SERVER-54805 describes a case where the replication machinery on replica set secondaries ceases to make progress, with the symptom being that all threads in the replication writer thread pool are idle and the thread driving secondary replication is simultaneously blocked waiting for those writer threads to finish their work.
So far, this behavior has only manifest on systems with glibc versions susceptible to this glibc pthread condition variable bug. While I have not been able to build a minimal reproduction using our ThreadPool type, the scenario proven to exist in this blog post about using TLA+ to model glibc condition variables is perfectly analogous to how replication uses thread pools. In this scenario, a signal delivery that is lost due to the glibc bug leads to incomplete work being left in the thread pool, and no threads waking up to perform the work.

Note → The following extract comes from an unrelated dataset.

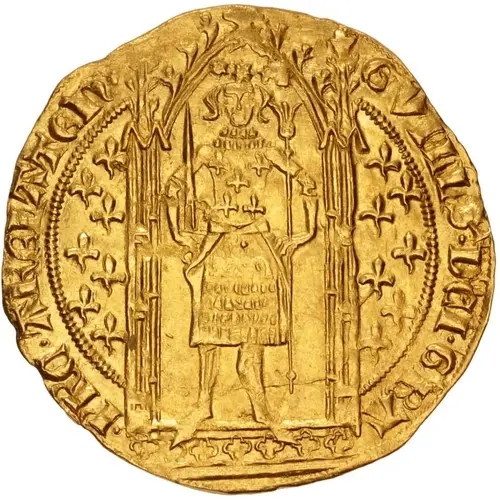 | Obverse description | Crowned figure standing facing within Gothic arch; semé of seven lis to left and right, holding sword, and fleur-tipped scepter. |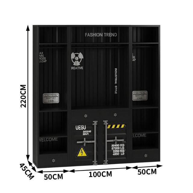 工業風衣櫃衣櫥網紅簡易服裝店集裝箱創意家用臥室鐵藝金屬大衣櫃

Fortunately, a low-risk workaround for this bug as it manifests in the replication system's use of ThreadPool exists. By setting minThreads to 0 instead of its current value, which is equal to maxThreads, we ensure that all waits performed by worker threads eventually wake up due to expiration of the idle thread timeout.
The task in this ticket is to change the value of minThreads in the writer thread pool used by replication to 0. This will not eliminate all possible failures due to the glibc bug, but it will eliminate the only one we've seen in practice until such time as the bug in glibc is corrected.